Figure CN224340346U_ABST
Abstract
Description
Technical Field
[0001] This utility model relates to the field of paint heating technology, and in particular to a paint constant temperature heating device. Background Technology
[0002] Paint is a chemical mixture coating, typically based on resin, oil, or emulsion, with or without pigments and fillers, and appropriate additives, formulated with organic solvents or water to form a viscous liquid. Its main function is to firmly cover the surface of objects, providing protection, decoration, marking, and other special purposes. Paints can be classified into various types according to their application and composition, such as water-based paints, oil-based paints, and latex paints. Paint viscosity changes significantly with temperature. High viscosity at low temperatures leads to poor flowability, making it difficult to pump and spray evenly. Heating reduces viscosity, making the paint easier to work with, especially suitable for fine spraying processes. In cold weather or low-temperature environments, paint tends to thicken; heating can quickly restore its flowability, ensuring efficient application. To prevent paint from thickening at low temperatures and to eliminate internal crystallization in certain special paints, paint requires heat treatment and must be maintained within a constant temperature range to meet the process requirements of paint application.
[0003] Currently, the most common method for heating paint is to use a heating fan to heat the air, thereby raising the temperature of the paint storage space and thus the paint temperature. This heating method has a long heating time, low heating efficiency, and high energy consumption. Furthermore, using a heating fan to heat paint can only prevent the paint from thickening at low temperatures, but it cannot eliminate internal crystallization in the paint, which has certain limitations. In addition, the paint is prone to uneven heating. Utility Model Content
[0004] Technical problems to be solved:
[0005] To address the shortcomings of existing technologies, this utility model provides a constant temperature heating device for paint, which uses a water bath heating method instead of conventional heating fan heating. Since water has a higher thermal conductivity than air, the constant temperature heating device can effectively solve the problem of paint thickening at low temperatures. Compared with the time and power consumption of air heating, the heating efficiency of the water bath heating method is effectively improved, thereby saving power consumption, reducing the cost of paint heating, and solving the technical problems mentioned in the background art.

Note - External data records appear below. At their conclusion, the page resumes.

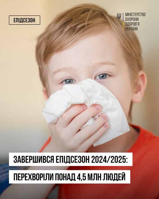 В Україні офіційно завершився епідемічний сезон, який щороку починається восени та закінчується навесні. Під час якого епідсезону прогнозовано зростає кількість випадків гострих респіраторно-вірусних інфекцій (ГРВІ) — застуд, COVID-19 та грипу.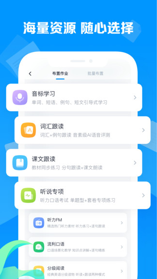 1、選擇布置作業(yè)更加快捷,提供的資源非常豐富,便于教師隨時使用;
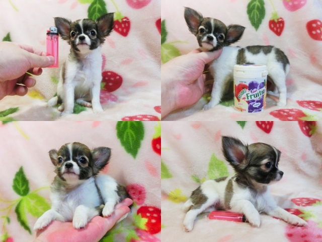 | コメント | 超!!極小サイズめちゃキュ-ト!! 絶対おすすめ愛らしい女の仔♪ 黒目勝ちのクリクリな瞳でめっちゃ短いお鼻に小っちゃい幼顔!! 被毛は首回りとお尻が長くなるタイプのホント綺麗なレッドです^^ 小さくてもとっても元気☆兄弟で仲良くやんちゃに遊んでます♪ 人や子供の手にも充分に慣れていてとっても懐っこい仔ですよ^^ 生後60日の体重は約580g!!成犬時予想体重は1.5kg位だと思います!! 身体のバランスが良くしっかりした硬い胴で骨量も多い丈夫な仔☆ 噛合せアンダー、その他関節形成など欠点の心配は一切ありません!! アンダーの為その分を考慮した価格になっております。ご了承下さい。 離乳も済み食欲旺盛でドライでカリカリ!!いつでもお引き渡しOK♪ 素敵なご家族様からのお問い合わせをお待ちしております^^ 【その他諸費用】 6種ワクチン接種費用:6千円【税・画像入証明書付・健康診断込】 ※お迎えの場合で【生体代金】+【ワクチン接種費用】のみです。 ●血統書登録団体:JKC(※3ヵ月以上要す事もあります) |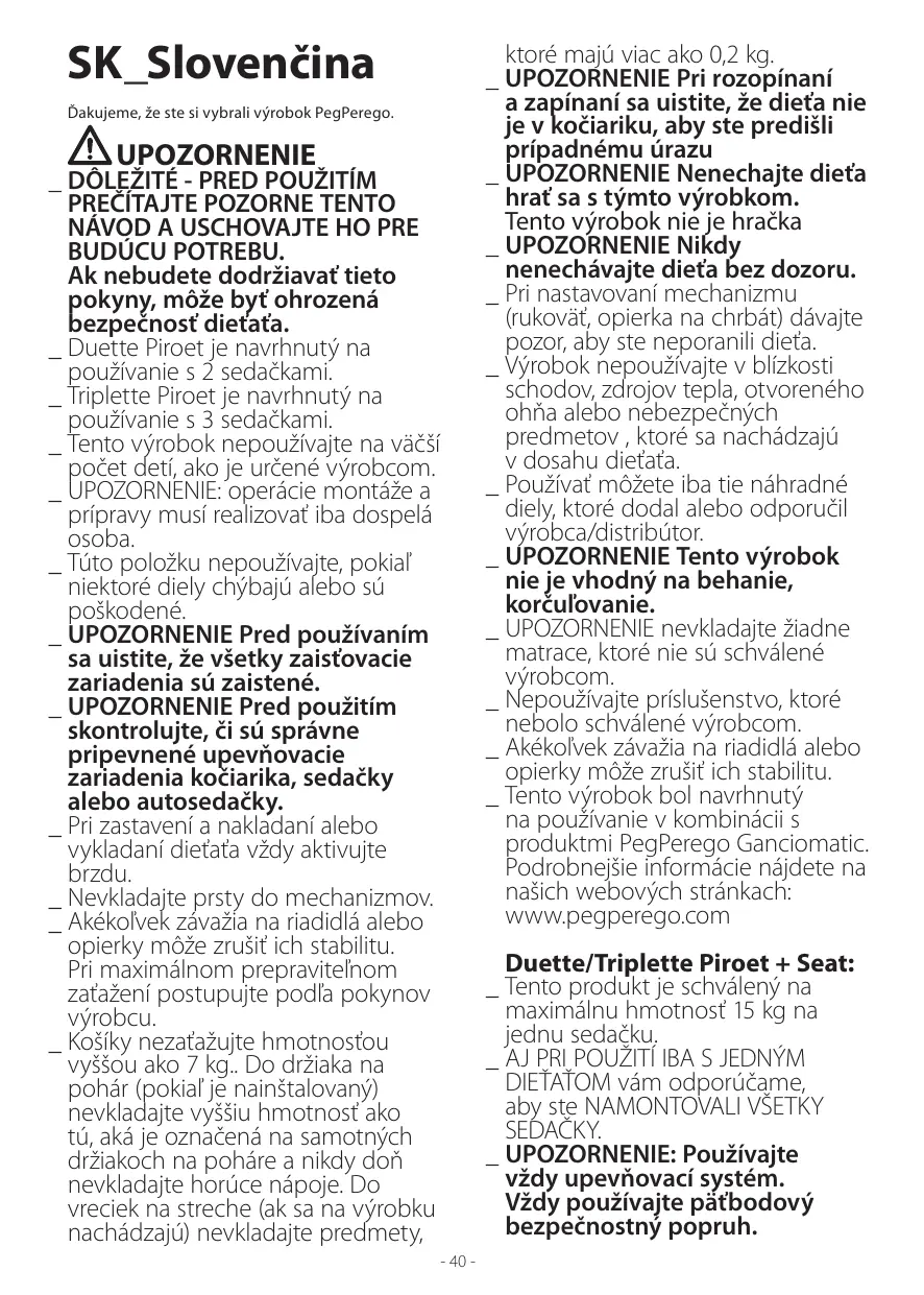 NÁVOD NA OBSLUHU DUETTE PIROET PEG PEREGO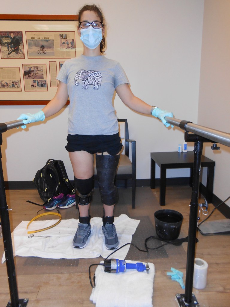 I am supposed to come back early in the morning to get my knee sections. I am nervous because I know that they will add so much more bulk and weight. But I’m also ready because they keep telling me how much progress I will make with knee sections. They should be ready by 8am. I will wait for a text from Ryan to confirm.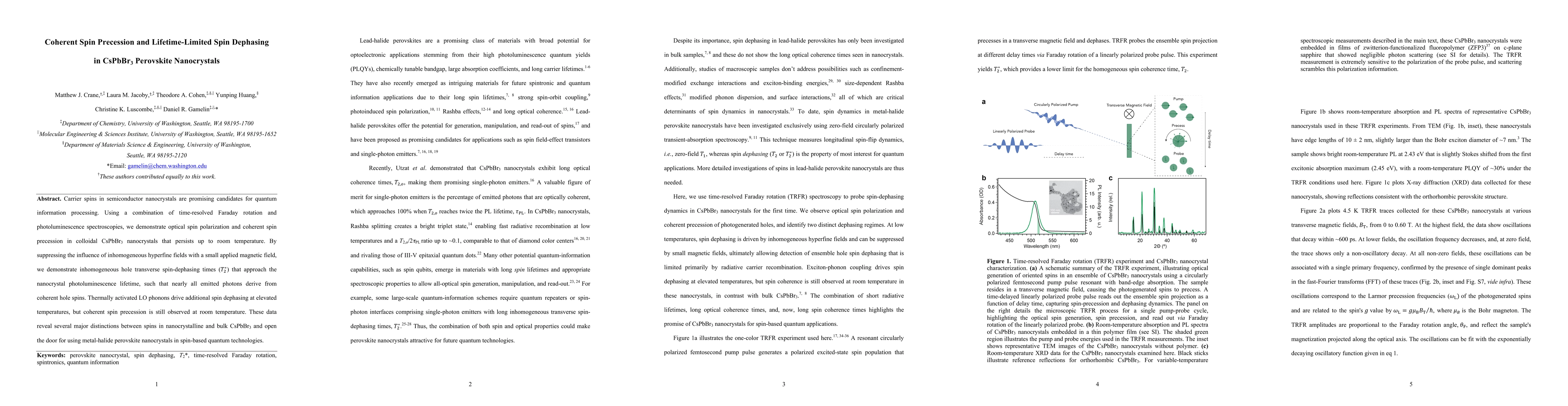 This paper demonstrates optical spin polarization and coherent spin precession in CsPbBr3 perovskite nanocrystals, showing that these processes persist up to room temperature. The study reveals that inhomogeneous hole transverse spin-dephasing times approach the nanocrystal photoluminescence lifetime, indicating potential for spin-based quantum technologies.

[0006] Technical solution:
[0007] To achieve the above objectives, this utility model provides the following technical solution:
[0008] A constant temperature heating device for paint includes a housing. An installation bracket is welded inside the housing, and two sets of heating tubes are mounted on the bracket. A temperature detection probe is installed on one inner wall of the housing. A thermostat and a control box are installed on the outer side of the housing. A magnetic stirring assembly is installed at the bottom of the housing. Cover plates are hinged to both sides of the upper end of the housing. A partition and a sealing assembly are built into the housing, with the sealing assembly located above the partition. Multiple slots are formed on the partition. The control box contains a contactor, a time relay, and a power module. A PT100 temperature detection probe converts the water temperature signal into an electrical signal and transmits it to the thermostat. The thermostat compares the water temperature signal with an internal set temperature and adjusts the output control signal based on internal PID data. This control signal controls two sets of contactors, which supply 380V main power to the two sets of heating tubes to heat the water, maintaining a stable temperature of 65℃.
[0009] In one possible implementation, the magnetic stirring assembly includes a fixed box and a stirring rotor. An electric motor is installed inside the fixed box, and the output shaft of the electric motor is fixedly connected to a magnet. The stirring rotor is located at the bottom of the box interior, and the magnet is located at the bottom of the box exterior. When the electric motor operates, it drives the magnet at one end to rotate. Utilizing the properties of magnetic fields—like poles repel and unlike poles attract—when the magnet rotates under the drive of the electric motor, the stirring rotor is acted upon by the rotating magnetic field, causing it to move in a circular motion within the box. This circular motion of the stirring rotor effectively stirs the heating water within the box, forces liquid convection, reduces temperature gradients, and improves heating uniformity.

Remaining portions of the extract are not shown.